「クラスターエッジ 第13話 カールスの遺したもの」
クラスターエッジ

今回の話にもカールスのことがこれでもかこれでもかと出てきます。序盤の流れから、この作品は人造兵の問題や戦争のグダグダに少年たちが巻き込まれていく様を描くものだと思っていたんですが違うようですね。完全にカールスに関わった人間それぞれがセカイ系ともいえる心理描写主体で展開している。アゲートが他のカールスに関わった人たちをつないでいる橋の役割を負っている感じがします。主人公に初めから引き立て役というか補助役をやらせている作品は初めて見ました。ある意味すごいよ・・・。カールスという一人の人間の生き方や意志を、カールスに関わった人間がそれぞれどのように昇華していくかというのが見所なんでしょうか。しかし、そう考えると、カールスに関わりのなかったベリルやフォンの存在の意味がなくなることに気づきました。いろいろ考えてみて、彼らの役割はこれからのストーリーの”動”の部分(混沌とした世界を実際に変えていこうとする行動)で、ストーリーの”静”の部分(人の人造兵にたいする考え方や、混沌とした世の中で生きる人々の葛藤の描写。要するに世界観の構築)はカールスに関わった人間が担当するということなのかもと思いました。そう考えれば、話の始点がカールスの死で始まったことに納得がいきます。今は後半の”動”の部分へ向けて土台作りをやっていると見ていいんでしょう。そのあとにベリルやロード、フォンのストーリーへの台頭が待っているんだと思います。それにしても1クール丸ごと使って世界観の構築をする必要はないだろうとも思う。新感覚回想アニメに陥らないことを祈っている今日この頃。いつまでも死んだ人間のことにこだわってんじゃないよ(漫画”シュート”の馬堀の名台詞)。

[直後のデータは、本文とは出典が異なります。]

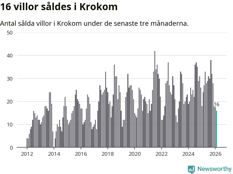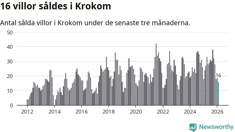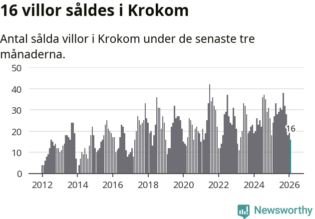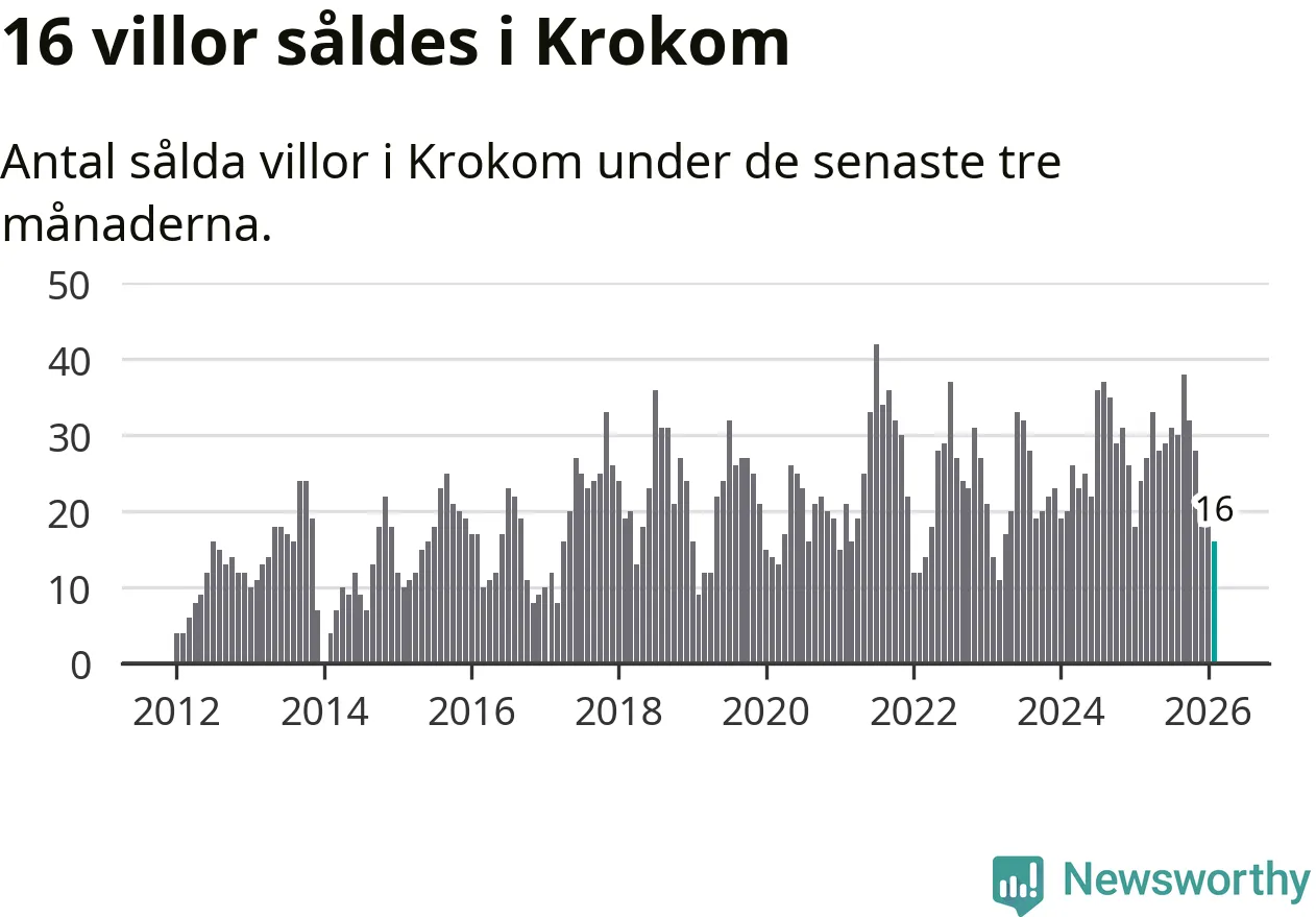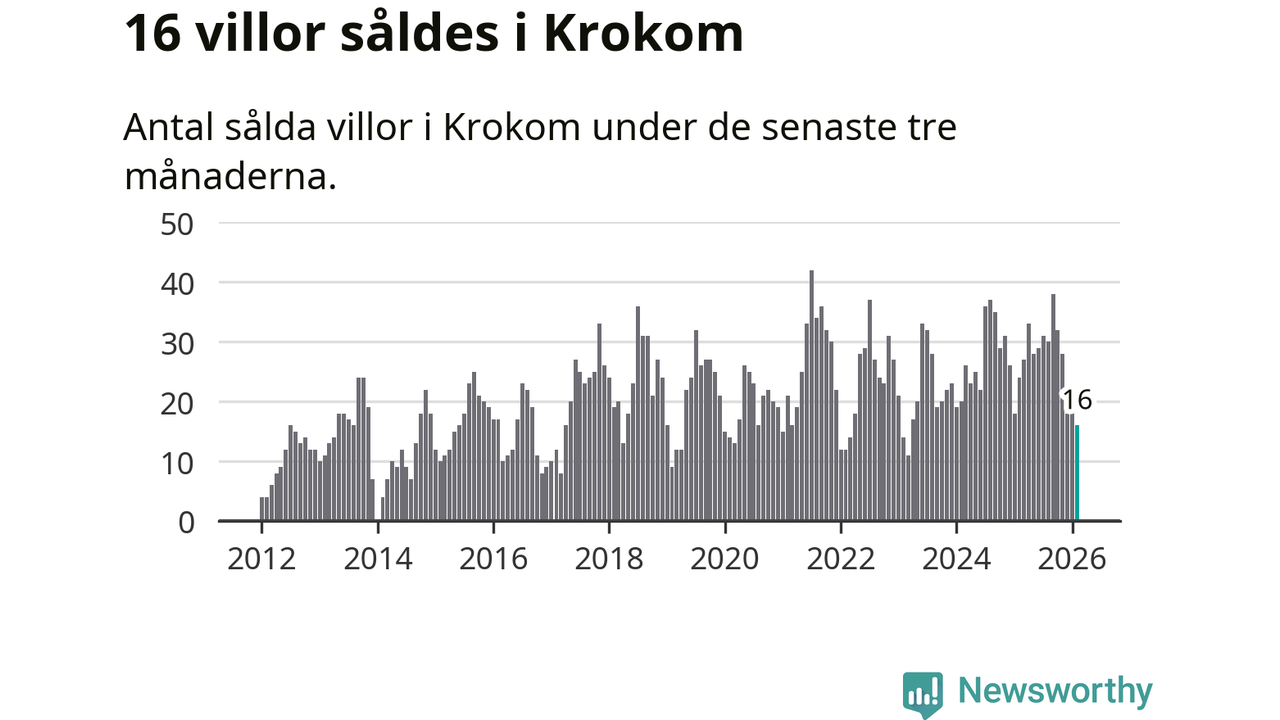 Mellan december och februari gjordes sammanlagt 16 affärer med villor i Krokoms kommun. Det kan jämföras med 24 vid motsvarande tid i fjol.

今回の話は修道女が同じ過ちを犯してしまう後味の悪い話でした。自分の願ったことや信念が、厳しい現実に捻じ曲げられてしまう儚さ。こういうのを見せられると、カールスのしたことが夢半ばであることが染み入って分かってきます。修道女が回想していたカールスの学生時代の活動の描写を踏まえて、世界はあれから何も変わっていないんだなと理解できる。演出上、これから活躍するであろうベリルたちの”引き”のエピソードなのかな。しっかし、修道女のアゲートに対する描写が空気のように薄いな。まるで怪我をしていた動物を拾って手当てしているように感じますし、アゲートに対して何か思うところの描写がないですね。何の関心も示していない。アゲート橋渡し役確定か? それとツッコミ所として、アゲートが修道女に微笑んだことが逆に彼女に過去の過ちを思い出させてしまって、さらに辛くさせているのは気のせいではないだろう。アゲートの100万ドルの微笑みは毎回残酷だな(笑)。